INPUT DATA section start
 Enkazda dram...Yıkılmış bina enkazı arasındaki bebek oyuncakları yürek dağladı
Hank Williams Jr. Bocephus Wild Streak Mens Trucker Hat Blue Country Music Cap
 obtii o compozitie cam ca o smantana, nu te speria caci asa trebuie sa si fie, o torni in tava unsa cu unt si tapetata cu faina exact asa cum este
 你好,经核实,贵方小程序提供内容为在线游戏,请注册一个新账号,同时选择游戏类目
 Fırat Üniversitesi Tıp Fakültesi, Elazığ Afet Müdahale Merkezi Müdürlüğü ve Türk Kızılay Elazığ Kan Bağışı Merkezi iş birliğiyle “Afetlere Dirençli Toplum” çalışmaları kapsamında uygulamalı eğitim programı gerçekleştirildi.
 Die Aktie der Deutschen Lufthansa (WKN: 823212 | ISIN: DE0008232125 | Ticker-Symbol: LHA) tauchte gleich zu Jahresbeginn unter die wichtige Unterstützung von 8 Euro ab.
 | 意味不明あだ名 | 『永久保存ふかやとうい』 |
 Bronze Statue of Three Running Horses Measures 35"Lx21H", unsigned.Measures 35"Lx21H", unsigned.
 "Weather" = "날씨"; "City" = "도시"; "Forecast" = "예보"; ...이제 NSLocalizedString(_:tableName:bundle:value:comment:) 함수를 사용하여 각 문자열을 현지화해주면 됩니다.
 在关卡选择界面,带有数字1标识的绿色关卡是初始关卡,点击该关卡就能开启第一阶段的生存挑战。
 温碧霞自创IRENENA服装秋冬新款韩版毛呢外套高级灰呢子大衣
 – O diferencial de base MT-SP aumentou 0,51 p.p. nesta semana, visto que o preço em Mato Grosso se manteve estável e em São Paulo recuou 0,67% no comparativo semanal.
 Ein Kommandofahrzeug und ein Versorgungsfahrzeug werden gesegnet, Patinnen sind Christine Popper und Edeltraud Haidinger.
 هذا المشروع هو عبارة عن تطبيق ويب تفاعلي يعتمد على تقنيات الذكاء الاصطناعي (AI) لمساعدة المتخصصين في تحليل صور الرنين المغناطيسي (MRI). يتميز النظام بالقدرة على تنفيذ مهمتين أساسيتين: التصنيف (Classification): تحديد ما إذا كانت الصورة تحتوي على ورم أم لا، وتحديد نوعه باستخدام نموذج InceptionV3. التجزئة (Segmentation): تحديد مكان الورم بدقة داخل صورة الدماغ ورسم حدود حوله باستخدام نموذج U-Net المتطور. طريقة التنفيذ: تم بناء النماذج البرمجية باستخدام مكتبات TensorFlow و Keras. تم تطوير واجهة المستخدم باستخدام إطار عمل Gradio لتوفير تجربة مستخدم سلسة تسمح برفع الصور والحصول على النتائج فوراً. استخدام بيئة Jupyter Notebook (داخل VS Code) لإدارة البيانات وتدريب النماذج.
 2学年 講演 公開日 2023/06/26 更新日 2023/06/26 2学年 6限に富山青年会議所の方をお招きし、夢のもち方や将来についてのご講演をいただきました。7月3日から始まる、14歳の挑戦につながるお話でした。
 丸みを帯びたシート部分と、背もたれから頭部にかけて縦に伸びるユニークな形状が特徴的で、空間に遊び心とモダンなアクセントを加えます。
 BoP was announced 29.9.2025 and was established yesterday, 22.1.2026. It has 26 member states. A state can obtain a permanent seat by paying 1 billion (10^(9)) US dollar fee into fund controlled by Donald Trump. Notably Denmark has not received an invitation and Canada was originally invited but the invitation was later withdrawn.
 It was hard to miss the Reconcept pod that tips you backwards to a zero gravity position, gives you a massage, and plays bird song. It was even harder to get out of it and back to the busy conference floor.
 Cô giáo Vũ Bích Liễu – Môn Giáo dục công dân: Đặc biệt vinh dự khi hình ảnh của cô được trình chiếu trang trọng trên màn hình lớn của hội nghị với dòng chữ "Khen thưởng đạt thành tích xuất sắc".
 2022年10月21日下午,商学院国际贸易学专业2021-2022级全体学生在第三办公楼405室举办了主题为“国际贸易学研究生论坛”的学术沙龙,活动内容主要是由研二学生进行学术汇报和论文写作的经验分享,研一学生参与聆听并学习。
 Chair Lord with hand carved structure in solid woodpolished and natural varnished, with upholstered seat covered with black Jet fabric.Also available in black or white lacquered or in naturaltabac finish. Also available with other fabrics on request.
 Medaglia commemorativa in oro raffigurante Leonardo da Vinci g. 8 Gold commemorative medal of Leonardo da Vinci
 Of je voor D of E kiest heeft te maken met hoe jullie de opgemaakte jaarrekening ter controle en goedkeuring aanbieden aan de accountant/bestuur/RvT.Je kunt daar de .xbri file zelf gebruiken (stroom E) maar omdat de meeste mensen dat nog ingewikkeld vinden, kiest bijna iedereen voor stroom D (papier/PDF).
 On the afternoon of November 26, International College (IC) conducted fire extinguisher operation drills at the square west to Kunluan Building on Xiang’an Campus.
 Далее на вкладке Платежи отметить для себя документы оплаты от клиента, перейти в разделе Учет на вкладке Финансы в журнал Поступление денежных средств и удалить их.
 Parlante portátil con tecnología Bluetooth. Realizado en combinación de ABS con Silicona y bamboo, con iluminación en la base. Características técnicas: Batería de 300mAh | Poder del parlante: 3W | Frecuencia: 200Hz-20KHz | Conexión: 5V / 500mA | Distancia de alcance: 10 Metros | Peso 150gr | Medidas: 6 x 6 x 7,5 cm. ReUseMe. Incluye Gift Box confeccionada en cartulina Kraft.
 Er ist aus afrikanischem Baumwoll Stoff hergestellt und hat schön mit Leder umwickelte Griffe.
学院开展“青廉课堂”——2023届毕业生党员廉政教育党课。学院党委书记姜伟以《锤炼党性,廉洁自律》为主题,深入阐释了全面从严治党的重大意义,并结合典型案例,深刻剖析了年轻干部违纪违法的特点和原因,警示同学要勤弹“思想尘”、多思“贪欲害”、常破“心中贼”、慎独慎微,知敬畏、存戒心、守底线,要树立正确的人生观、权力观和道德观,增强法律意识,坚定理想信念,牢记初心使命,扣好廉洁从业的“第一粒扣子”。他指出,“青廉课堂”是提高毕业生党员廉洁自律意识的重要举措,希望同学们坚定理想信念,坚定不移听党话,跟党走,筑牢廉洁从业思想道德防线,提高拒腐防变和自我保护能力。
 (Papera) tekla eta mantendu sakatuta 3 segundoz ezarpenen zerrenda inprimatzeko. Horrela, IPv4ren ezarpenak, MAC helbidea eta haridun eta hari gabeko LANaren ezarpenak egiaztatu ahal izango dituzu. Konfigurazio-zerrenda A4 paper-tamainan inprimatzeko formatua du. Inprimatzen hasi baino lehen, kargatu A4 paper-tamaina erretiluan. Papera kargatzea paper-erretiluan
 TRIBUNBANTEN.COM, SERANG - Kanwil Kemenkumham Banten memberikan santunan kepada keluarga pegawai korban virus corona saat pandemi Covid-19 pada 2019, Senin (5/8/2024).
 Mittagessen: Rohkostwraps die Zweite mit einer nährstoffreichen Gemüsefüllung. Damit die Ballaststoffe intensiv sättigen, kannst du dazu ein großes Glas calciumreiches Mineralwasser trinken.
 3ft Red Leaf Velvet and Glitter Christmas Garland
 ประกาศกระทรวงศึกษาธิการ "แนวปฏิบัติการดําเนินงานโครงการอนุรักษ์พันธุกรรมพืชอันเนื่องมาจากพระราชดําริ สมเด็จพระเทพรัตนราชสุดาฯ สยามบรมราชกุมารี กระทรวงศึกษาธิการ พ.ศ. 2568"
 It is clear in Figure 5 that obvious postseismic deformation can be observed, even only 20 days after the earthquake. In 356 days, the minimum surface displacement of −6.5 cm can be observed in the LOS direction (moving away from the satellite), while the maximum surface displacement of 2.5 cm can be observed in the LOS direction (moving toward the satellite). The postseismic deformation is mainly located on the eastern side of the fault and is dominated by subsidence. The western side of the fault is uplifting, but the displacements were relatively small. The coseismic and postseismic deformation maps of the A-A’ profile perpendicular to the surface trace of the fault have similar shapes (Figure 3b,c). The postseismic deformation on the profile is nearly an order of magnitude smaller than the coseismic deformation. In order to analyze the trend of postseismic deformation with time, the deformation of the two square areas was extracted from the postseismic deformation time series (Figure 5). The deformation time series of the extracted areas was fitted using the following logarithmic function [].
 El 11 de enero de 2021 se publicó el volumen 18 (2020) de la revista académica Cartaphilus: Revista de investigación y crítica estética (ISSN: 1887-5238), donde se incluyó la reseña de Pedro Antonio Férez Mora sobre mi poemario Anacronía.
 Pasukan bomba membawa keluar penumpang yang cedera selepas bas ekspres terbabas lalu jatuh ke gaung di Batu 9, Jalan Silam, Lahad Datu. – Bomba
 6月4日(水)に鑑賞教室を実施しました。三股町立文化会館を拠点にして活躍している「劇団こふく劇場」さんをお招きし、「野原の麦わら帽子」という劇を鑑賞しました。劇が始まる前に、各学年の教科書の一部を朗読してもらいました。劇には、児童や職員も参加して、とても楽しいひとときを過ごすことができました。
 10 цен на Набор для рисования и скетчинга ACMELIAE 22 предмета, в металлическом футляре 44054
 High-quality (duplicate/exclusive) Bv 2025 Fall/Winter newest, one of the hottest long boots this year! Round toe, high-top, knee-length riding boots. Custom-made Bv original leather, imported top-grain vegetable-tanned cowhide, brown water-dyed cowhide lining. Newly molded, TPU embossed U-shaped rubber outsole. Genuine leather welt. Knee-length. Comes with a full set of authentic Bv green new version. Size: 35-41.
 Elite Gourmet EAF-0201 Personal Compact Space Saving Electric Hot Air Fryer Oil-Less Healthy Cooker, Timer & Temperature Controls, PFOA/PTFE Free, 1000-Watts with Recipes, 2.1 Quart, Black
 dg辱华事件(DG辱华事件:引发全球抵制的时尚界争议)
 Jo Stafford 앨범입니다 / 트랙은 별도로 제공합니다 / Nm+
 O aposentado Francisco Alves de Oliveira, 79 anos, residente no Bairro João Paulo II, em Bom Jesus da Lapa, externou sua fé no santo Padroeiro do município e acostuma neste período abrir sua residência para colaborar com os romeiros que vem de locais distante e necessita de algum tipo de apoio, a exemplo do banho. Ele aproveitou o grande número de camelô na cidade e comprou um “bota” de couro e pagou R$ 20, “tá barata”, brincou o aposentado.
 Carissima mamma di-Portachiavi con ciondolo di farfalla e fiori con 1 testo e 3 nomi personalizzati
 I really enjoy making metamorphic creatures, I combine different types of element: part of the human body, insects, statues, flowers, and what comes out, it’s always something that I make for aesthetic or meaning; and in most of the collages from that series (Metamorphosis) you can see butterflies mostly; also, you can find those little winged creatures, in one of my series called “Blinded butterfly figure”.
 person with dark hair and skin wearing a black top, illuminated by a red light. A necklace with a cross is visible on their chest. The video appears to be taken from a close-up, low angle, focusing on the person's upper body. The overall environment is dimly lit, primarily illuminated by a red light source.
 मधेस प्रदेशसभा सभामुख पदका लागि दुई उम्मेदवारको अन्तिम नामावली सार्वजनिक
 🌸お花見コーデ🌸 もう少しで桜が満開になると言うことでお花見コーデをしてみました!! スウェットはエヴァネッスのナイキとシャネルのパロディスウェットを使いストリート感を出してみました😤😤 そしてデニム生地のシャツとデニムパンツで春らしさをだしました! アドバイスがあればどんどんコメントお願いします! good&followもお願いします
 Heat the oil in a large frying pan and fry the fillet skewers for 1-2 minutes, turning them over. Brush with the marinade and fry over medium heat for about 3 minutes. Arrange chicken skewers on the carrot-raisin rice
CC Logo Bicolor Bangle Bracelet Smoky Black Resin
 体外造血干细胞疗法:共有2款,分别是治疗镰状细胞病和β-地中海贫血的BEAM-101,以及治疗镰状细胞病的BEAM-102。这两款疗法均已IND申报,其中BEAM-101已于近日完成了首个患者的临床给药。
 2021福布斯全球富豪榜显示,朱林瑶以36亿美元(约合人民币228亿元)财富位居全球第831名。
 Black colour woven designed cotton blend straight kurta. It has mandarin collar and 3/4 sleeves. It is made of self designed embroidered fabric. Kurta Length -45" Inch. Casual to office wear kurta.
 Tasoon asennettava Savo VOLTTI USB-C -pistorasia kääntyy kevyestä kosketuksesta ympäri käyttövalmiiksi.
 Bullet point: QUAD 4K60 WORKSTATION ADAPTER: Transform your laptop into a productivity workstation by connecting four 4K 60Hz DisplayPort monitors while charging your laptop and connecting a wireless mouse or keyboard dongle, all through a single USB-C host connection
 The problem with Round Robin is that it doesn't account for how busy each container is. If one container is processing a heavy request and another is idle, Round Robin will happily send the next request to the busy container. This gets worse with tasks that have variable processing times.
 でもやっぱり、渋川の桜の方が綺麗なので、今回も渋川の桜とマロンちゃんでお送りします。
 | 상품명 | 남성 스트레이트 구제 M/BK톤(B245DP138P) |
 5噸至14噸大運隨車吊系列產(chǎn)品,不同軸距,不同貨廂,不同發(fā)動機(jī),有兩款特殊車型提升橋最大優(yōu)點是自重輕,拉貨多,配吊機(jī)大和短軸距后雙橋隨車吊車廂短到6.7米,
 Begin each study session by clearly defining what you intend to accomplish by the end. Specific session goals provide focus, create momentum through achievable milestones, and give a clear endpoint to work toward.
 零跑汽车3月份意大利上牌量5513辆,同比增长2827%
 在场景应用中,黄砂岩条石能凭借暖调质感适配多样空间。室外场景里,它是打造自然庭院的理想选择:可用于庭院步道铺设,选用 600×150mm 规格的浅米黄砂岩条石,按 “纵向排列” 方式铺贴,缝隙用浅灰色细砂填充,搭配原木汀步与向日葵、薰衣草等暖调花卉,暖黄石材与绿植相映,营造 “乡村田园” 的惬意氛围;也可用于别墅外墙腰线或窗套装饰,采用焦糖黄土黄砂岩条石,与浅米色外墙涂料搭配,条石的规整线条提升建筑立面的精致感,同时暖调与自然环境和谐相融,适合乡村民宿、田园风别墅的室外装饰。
INPUT DATA section end
→ **TASK BRIEF**: Consider the entries above and return each line with the string "seat".

→ **ANSWER SPACE**:
 BoP was announced 29.9.2025 and was established yesterday, 22.1.2026. It has 26 member states. A state can obtain a permanent seat by paying 1 billion (10^(9)) US dollar fee into fund controlled by Donald Trump. Notably Denmark has not received an invitation and Canada was originally invited but the invitation was later withdrawn.
 Chair Lord with hand carved structure in solid woodpolished and natural varnished, with upholstered seat covered with black Jet fabric.Also available in black or white lacquered or in naturaltabac finish. Also available with other fabrics on request.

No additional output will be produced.